Second Display Example

[0101] With reference to FIG. 17A and FIG. 17B, a second display example will be described. FIG. 17A and FIG. 17B are Version 2 of a diagram illustrating the display example in the imaging system according to the fifth example embodiment.

[0102] As illustrated in FIG. 17A, the display unit 140 may perform display in such a manner that correction/no correction of the iris image is switchable. Specifically, a button for switching between correction and no correction may be displayed below the iris image. In this case, when a button for no correction is pressed, the iris image is displayed in a state before correction (i.e., a state of the imaging in which the correction is not performed by the correction unit 132), as illustrated in FIG. 17B. In this way, it is possible to know what part of the iris image is corrected and how it is corrected. The iris image before correction and the iris image after correction may be displayed simultaneously.

Third Display Example

[0103] With reference to FIG. 18A and FIG. 18B, a third display example will be described. FIG. 18A and FIG. 18B are Version 3 of a diagram illustrating the display example in the imaging system according to the fifth example embodiment.

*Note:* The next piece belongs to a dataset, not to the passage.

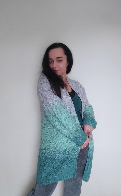Кардиган в'язаний із напівшерсті на 44-46 розмір. Стан ідеальний. Одягала пару раз.
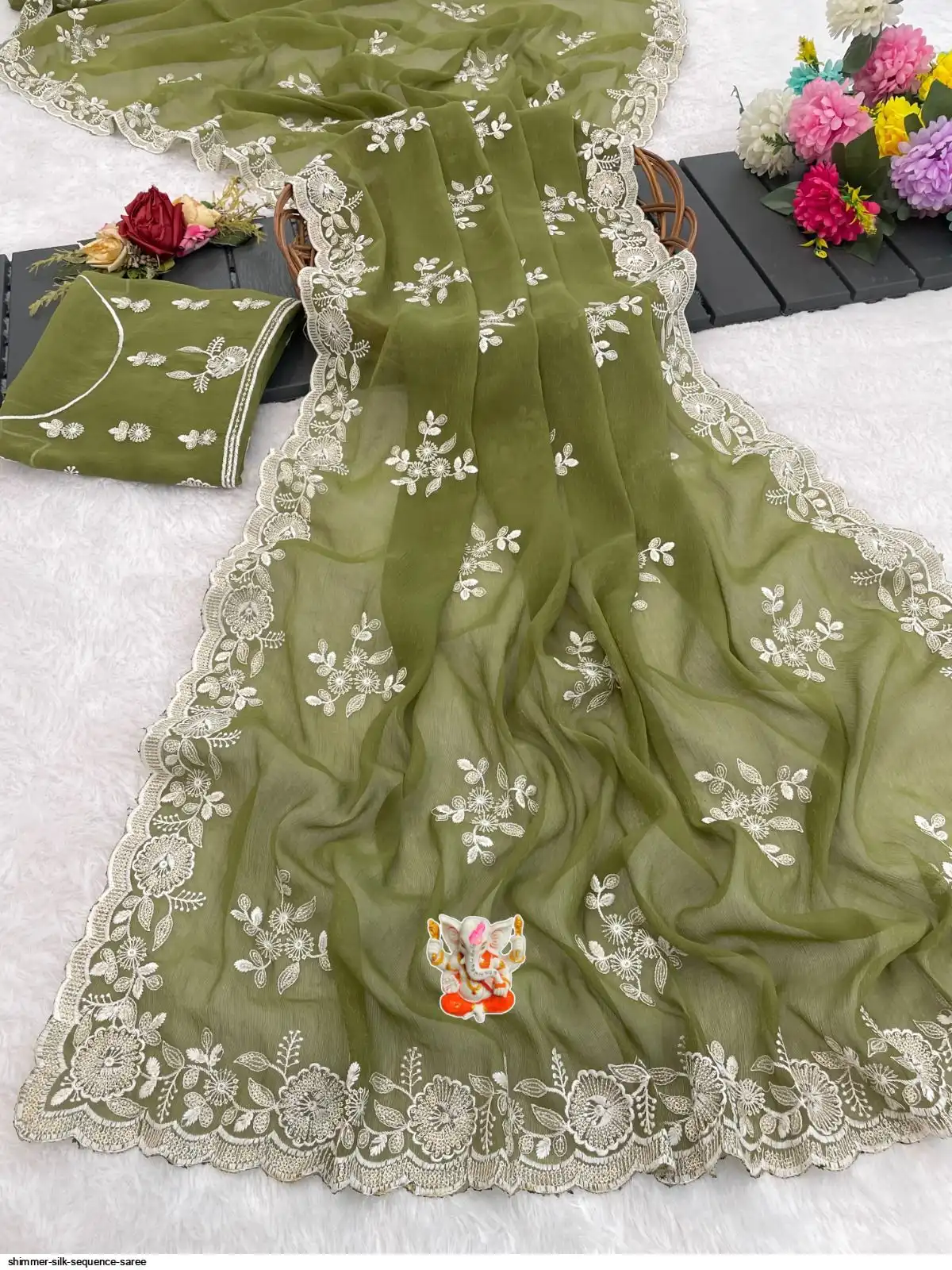 SAREES FABRIC.:- Shimmer silk with sequence embroidery work and beautiful arc cutting border

[0104] As illustrated in FIG. 18A, the display unit 140 may perform display in such a manner that highlighting ON/OFF of a corrected part (in other words, a part corresponding to the second area) is switchable. Specifically, a button for switching between highlighting ON and highlighting OFF may be displayed below the registered image and the iris image. In this case, when the button is pressed such that the highlighting is ON for both the registered image and the iris image, the part corresponding to the second area of each of the registered image and the iris image is surrounded by a frame and displayed, as illustrated in FIG. 18B. In this way, it is possible to know which part of the iris image is corrected. The display of surrounding the part by the frame is an example of the highlighting, and the highlighting may be performed in another aspect (e.g., changing color and density, or flashing, etc.).

Sixth Example Embodiment

[0105] The imaging system 10 according to a sixth example embodiment will be described with reference to FIG. 19 and FIG. 20. The sixth example embodiment is partially different from the first to fifth example embodiments described above only in configuration and operation, and may be the same as the first example embodiment, for example, in hardware configuration (see FIG. 1). Therefore, in the following, a description of the parts that overlap those already described will be omitted as appropriate.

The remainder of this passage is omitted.